Anyone fancy sharing?

Mine was in 2011. I haven't really worked since.

TheTroubleWithAngels Sun 21-Jun-15 17:03:40

Message withdrawn at poster's request.

KeepPloddingOn Sun 21-Jun-15 17:09:39

Watching with interest

CtrlAltDelicious Sun 21-Jun-15 17:11:35

Yes.

I was working in a failing school in the midlands. As happens so often, when there are one or two failing senior teachers, the solution wasn't to target those people and support them, it as to make blanket decisions which make everyone's work/life balance horrendous.

INSANE daily lesson plans, horrific APPs for every child in the class, etc. I freely admit I couldn't keep up. However, my teaching was always excellent and I was well-liked by parents. I was consistently graded Good or Outstanding from county and ofsted while there.

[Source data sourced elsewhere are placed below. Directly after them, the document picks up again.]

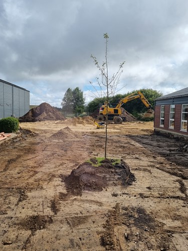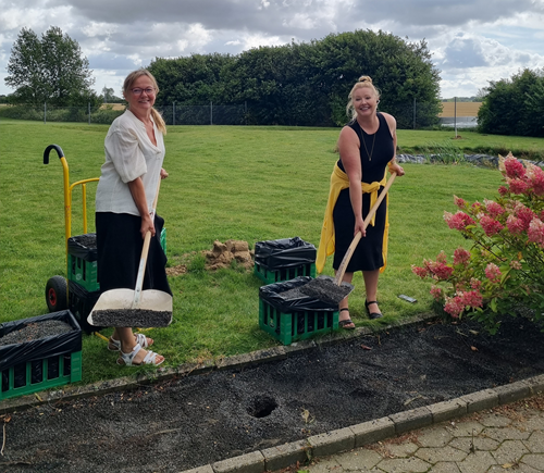 The excavator has arrived! Before the excavator can get to work, plants and stones must be moved so they can be reused in the new construction. Here Lene and Jane are in action.
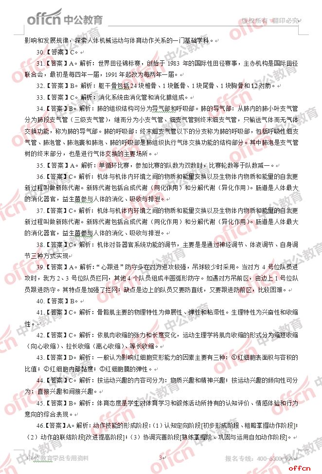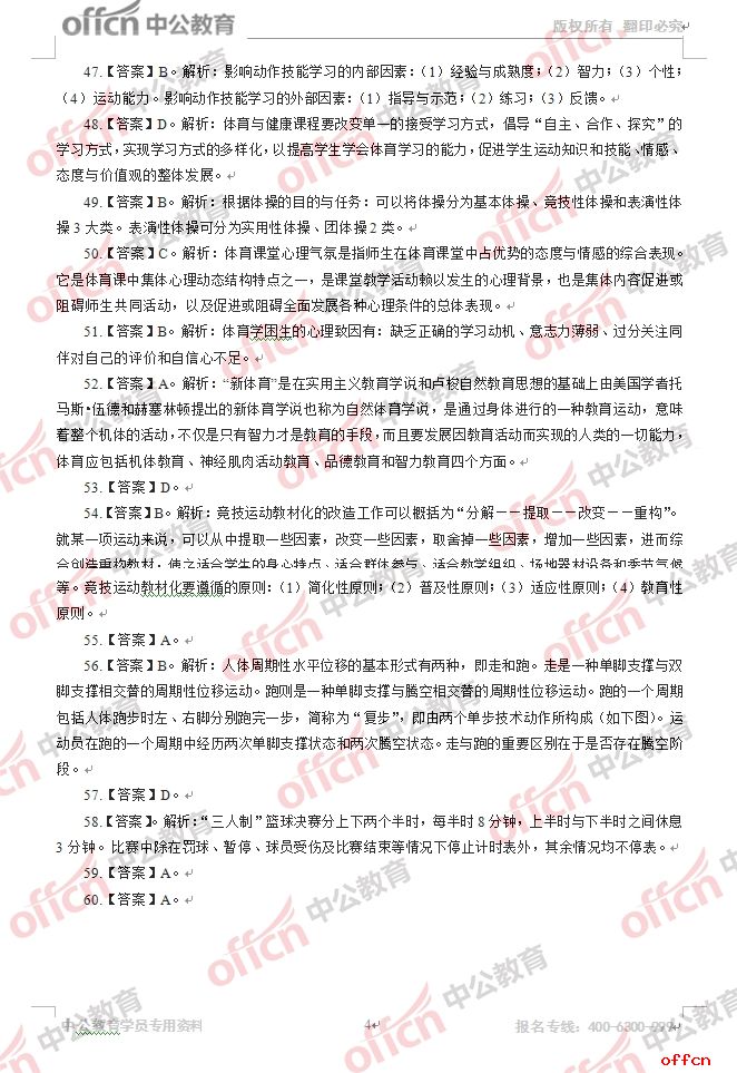 2017年江西教師招聘《中學(xué)體育》試題答案及解析
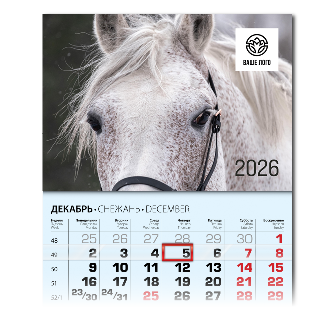 Каждый месяц расположен на одной из трех календарных сеток. Можно видеть не только текущий, предыдущий и следующий месяцы, но, например, текущий и два следующих. Внизу каждой календарной сетки размещено поле для рекламы.
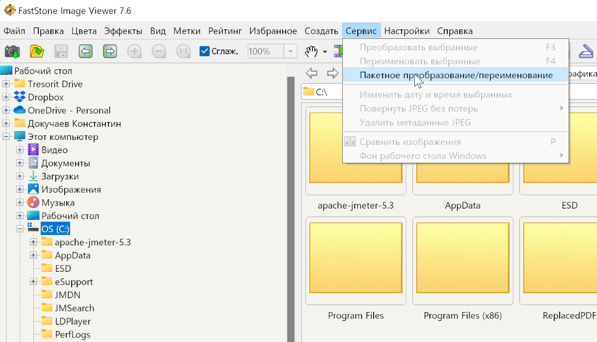 Установите и запустите FastStone Image Viewer. В меню Сервис выберите пункт Пакетное преобразование/переименование.
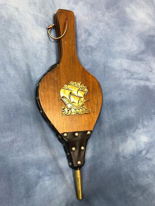 Vintage Wood Brass Black Leather Studs Fireplace Blower Bellows
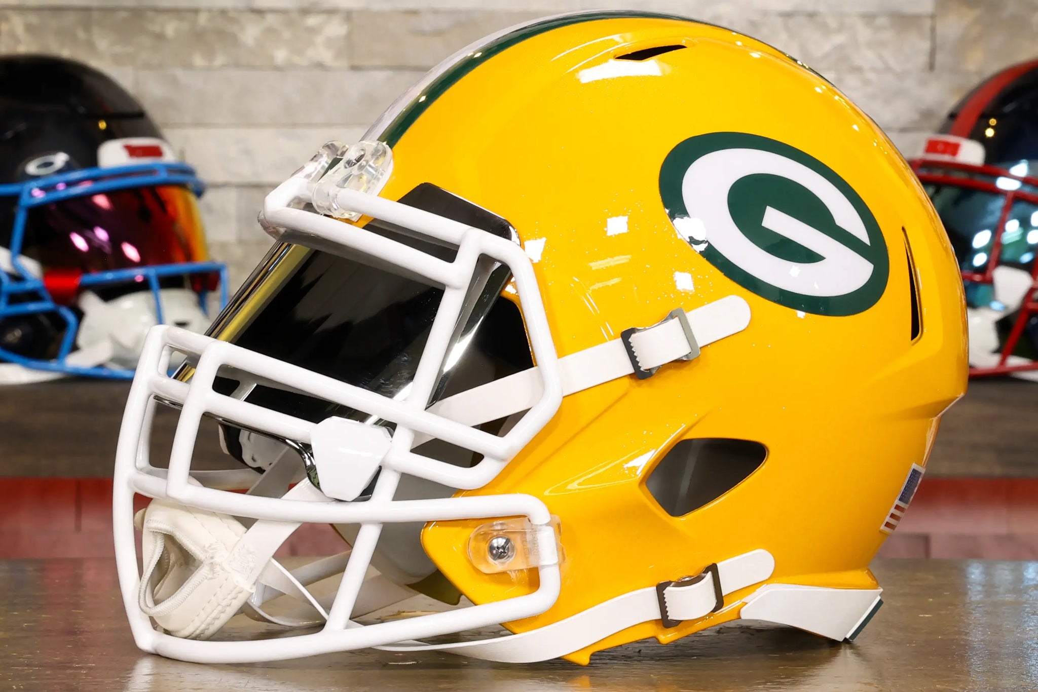 This Green Bay Packers Helmet is a Green Gridiron masterpiece, ready for the biggest Packers fan!
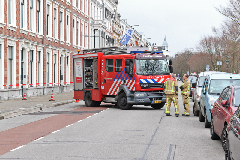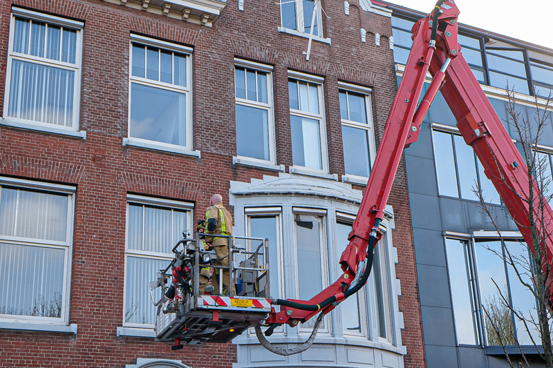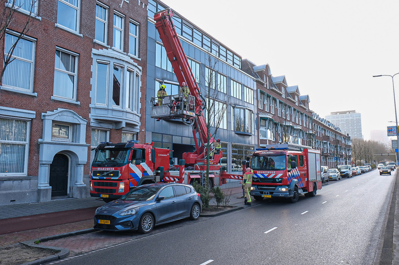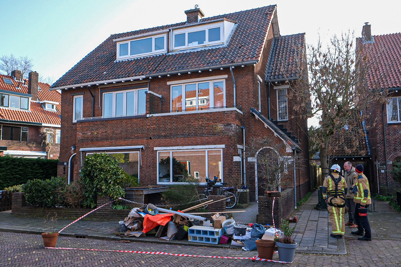 Den Haag – De brandweer heeft vanmorgen een aantal losse stenen uit de muur gehaald van een gebouw aan de Raamweg.
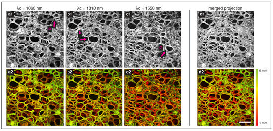 Projection images of polyurethane sponge. (a–c) MIP of the imaged volume from the individual interferometers where the source spectrum is centered at 1060 nm, 1310 nm, and 1550 nm, respectively. The arrows (a–c) highlight the in-focus depth in the imaging field. (d) MIP of the merged volume. The first row shows MIPs in grayscale, and the second row shows colorized MIPs with pseudo-colormap encoding the depth. Scale bar = 1 mm.
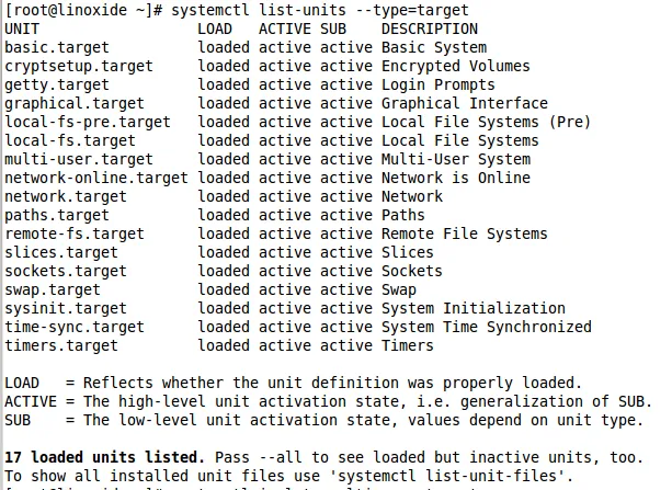 [root@linoxide ~]# systemctl list-units --type=target
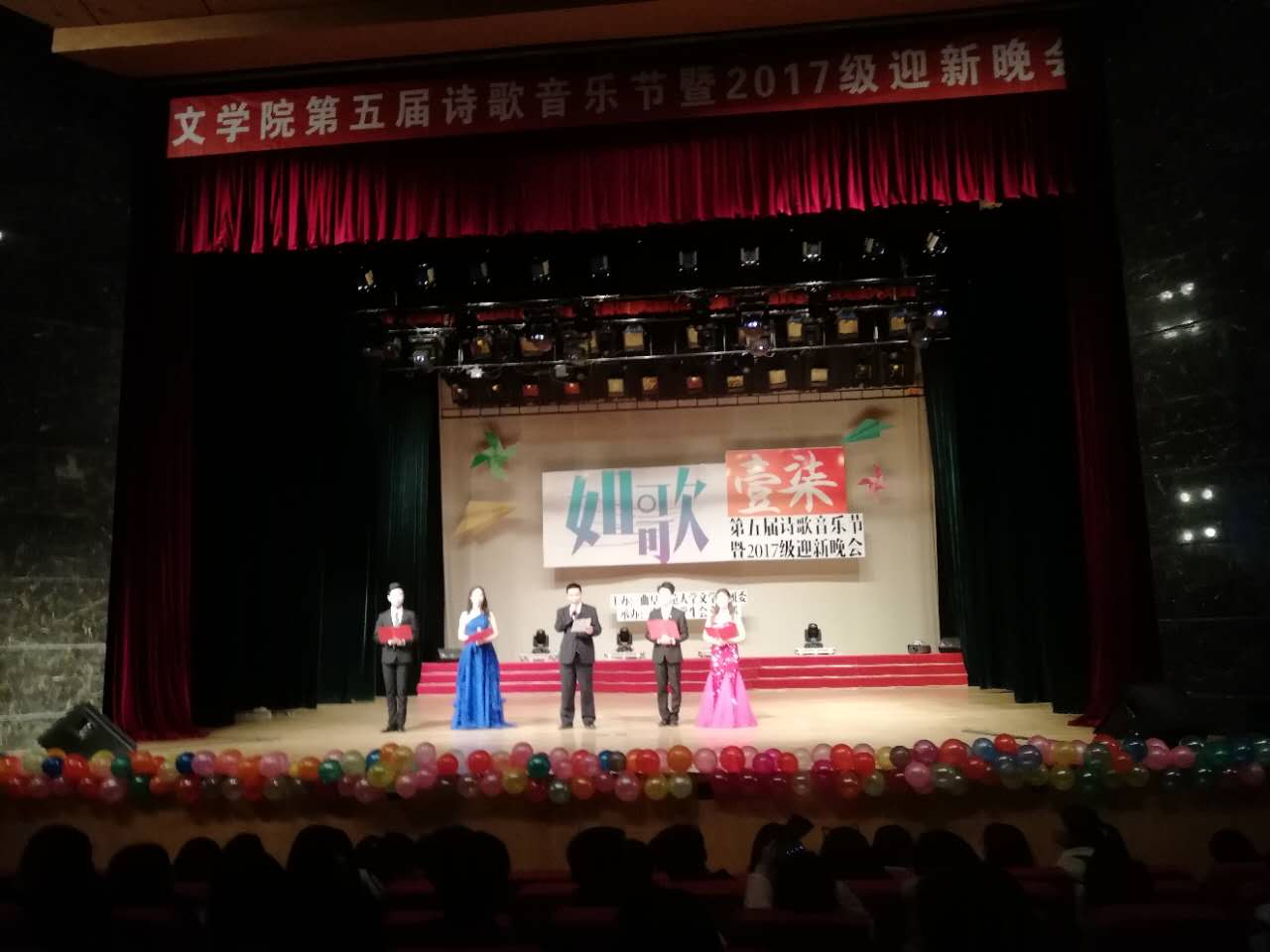 11月26日晚,抽奖轮盘 第五届诗歌音乐节暨“如歌壹柒”迎新晚会于大学生活动中心礼堂拉开帷幕。本次晚会由抽奖轮盘 团委主办、文艺部承办,抽奖轮盘 党委书记苏占兵、院长夏静、党委副书记王作茂、院长助理霍俊国及刘善涛等领导老师莅临观看。
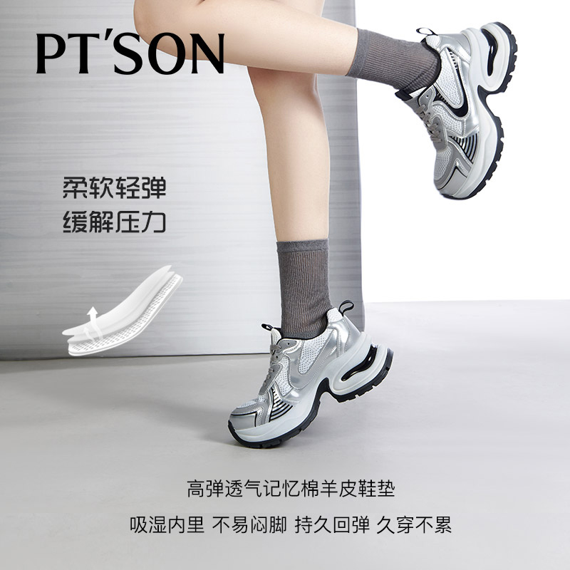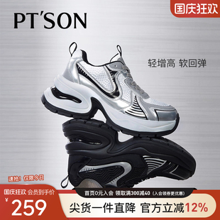 增高女士運動鞋 百田森商場同款 新款 厚底休閑鞋 時尚 銀色老爹鞋由
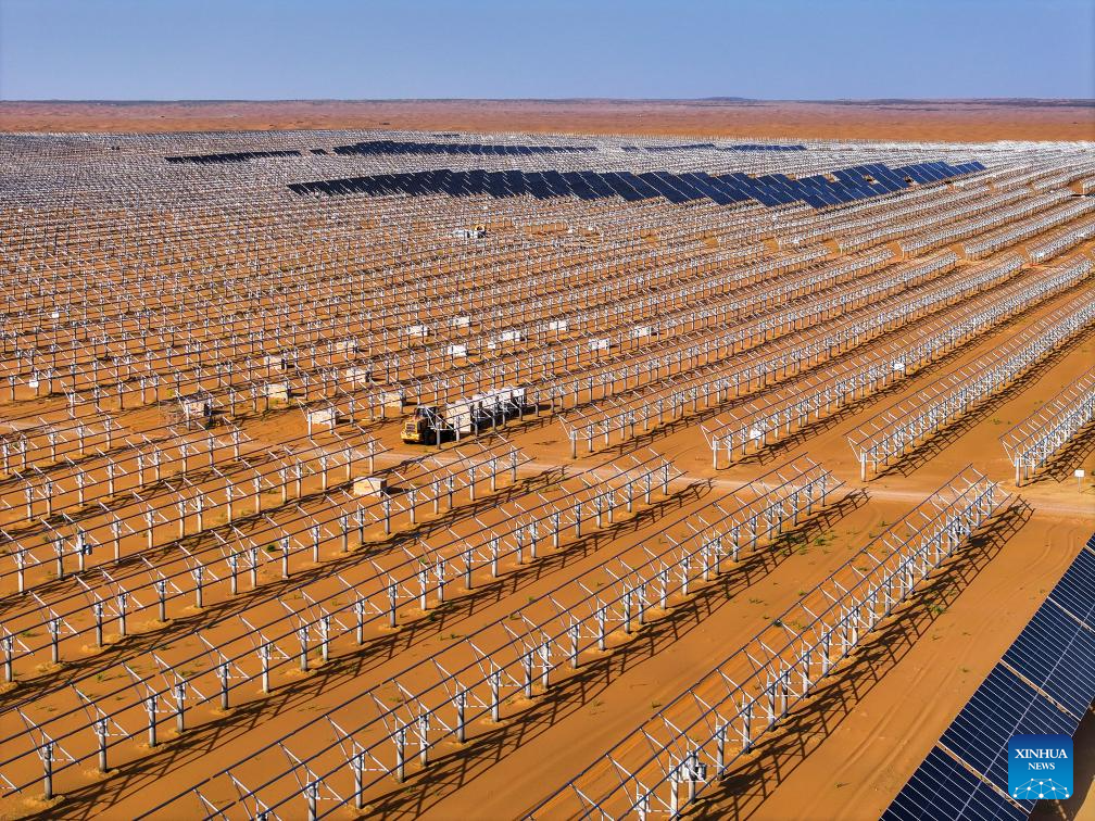 HOHHOT, 9 junio, 2025 (Xinhua) -- Vista aérea tomada con un dron el 7 de junio de 2025 de un proyecto fotovoltaico, en el Desierto de Kubuqi, en la región autónoma de Mongolia Interior, en el norte de China. En los desiertos de Kubuqi y Ulan Buh, el modelo de control de arena con proyectos fotovoltaicos se ha implementado ampliamente, transformando franjas de terreno arenoso en vastos "mares azules" rebosantes de energía verde. (Xinhua/Lian Zhen)
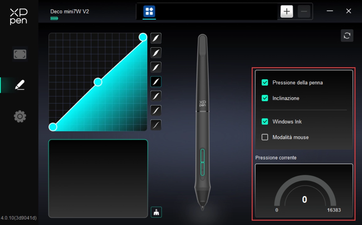 6) Se il test della pressione della penna è normale (Windows: nell'interfaccia delle impostazioni della penna del driver, assicurarsi che Windows Ink sia attivato), accendere il software di disegno per eseguire il test.

However the Maths and English subject leaders, who were absolute incompetent bastards, decided I was apparently a failing teacher and set about campaign to essentially get me out. It was without a doubt the worst time of my life.

I'd come in to find my planning folders had been gone through and post it notes all over them pointing out how inadequate my plans were. Not the actual content, you understand, the fact that I had failed to highlight my use of ICT in red, my EAL resource in blue, etc. I was graded Inadequate in every lesson observed by either of those two vile people. This led to "support" from experienced teachers from other schools/county and actually this worked out very handily, as they both observed me and worked with me, and seemed puzzled as to why I was being targeted for support. One of them spoke confidentially to me and advised me to get the hell out.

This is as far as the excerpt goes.